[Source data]
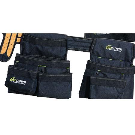 Double Fabric Belt Abc , comfortable and functional! Double Fabric Belt Abc , ideal for positioning with maximum freedom of action, also to have within reach: screws, plugs, tape measure. General characteristics:
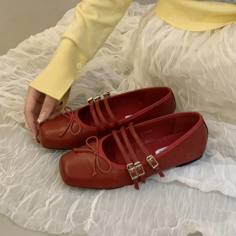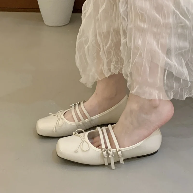 LBSFY -Brand New Women Flats Soft Ballerinas Flat Heel Casual Ballet Shoes Fashion Square Toe Shallow Ladies Mary Jane Shoes
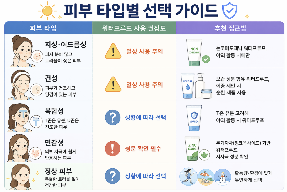 | 워터프루프 = 모든 피부에 매일 사용 | 피부 타입·상황에 따라 선택 필요 |
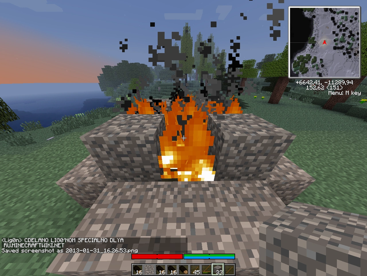 Окружаем кладку негорючими блоками и ставим внутрь костёр (для версий 0,79 и выше кидаем внутрь факел).
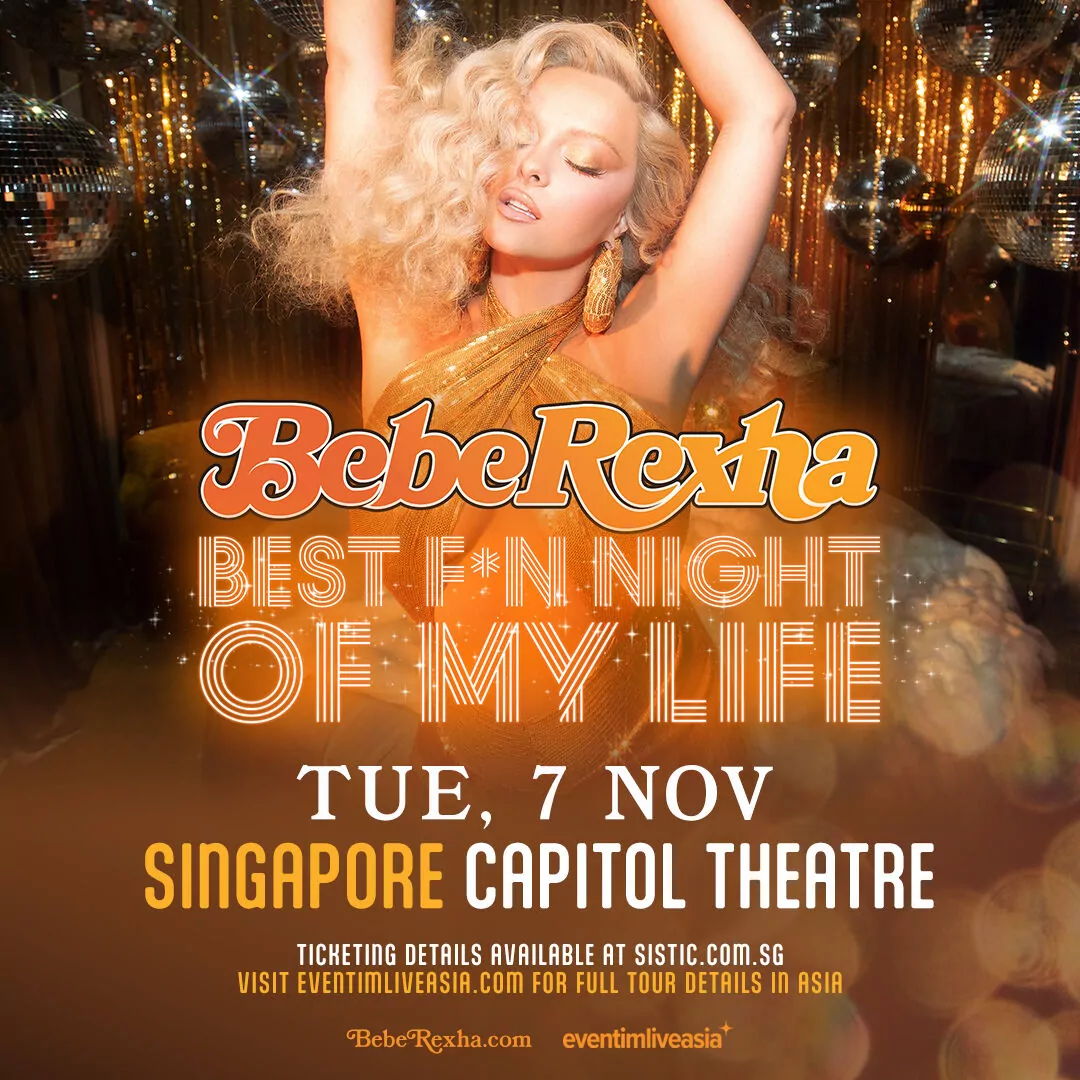 Bebe Rexha is taking the BEST F*N NIGHT OF MY LIFE Tour to Asia. The Singapore stop is one of six shows in the region, with the American pop singer-songwriter wrapping up the tour at the Capitol Theatre. The tour comes in support of her third studio album titled Bebe, which features 'Heart Wants What It Wants' and 'Call On Me'.
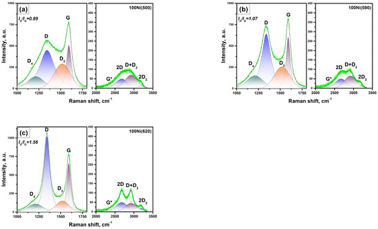 Raman spectra of the carbon product formed over the 100Ni(T) samples for T = 500, 590, and 620 °C are shown in Figure 11. The corresponding dependences of the main parameters on the synthesis temperature are summarized in Figure 10b. As can be seen, these samples are characterized by a higher portion of the amorphous carbon (ID3/IG ratio) at 500 °C if compared with the case of 96Ni-4W. An increase in temperature leads to the rapid growth of the in-plane crystallite sizes (La) along with a decrease in the amorphous carbon portion (ID3/IG ratio). However, this process is also accompanied by a deceleration of the catalytic reaction leading to its complete cessation at 650 °C. This allows concluding that the observable phenomenon of carbon ordering is connected with the decelerated carbon growth near the edge of the temperature window.

◆ REQUIRED WORK ◆
From the first line of the records down through the line containing "Bebe Rexha is", transcribe exactly those lines and no others, both ends kept, pictures dropped.

◆ RESULT ◆
 Double Fabric Belt Abc , comfortable and functional! Double Fabric Belt Abc , ideal for positioning with maximum freedom of action, also to have within reach: screws, plugs, tape measure. General characteristics:
 LBSFY -Brand New Women Flats Soft Ballerinas Flat Heel Casual Ballet Shoes Fashion Square Toe Shallow Ladies Mary Jane Shoes
 | 워터프루프 = 모든 피부에 매일 사용 | 피부 타입·상황에 따라 선택 필요 |
 Окружаем кладку негорючими блоками и ставим внутрь костёр (для версий 0,79 и выше кидаем внутрь факел).
 Bebe Rexha is taking the BEST F*N NIGHT OF MY LIFE Tour to Asia. The Singapore stop is one of six shows in the region, with the American pop singer-songwriter wrapping up the tour at the Capitol Theatre. The tour comes in support of her third studio album titled Bebe, which features 'Heart Wants What It Wants' and 'Call On Me'.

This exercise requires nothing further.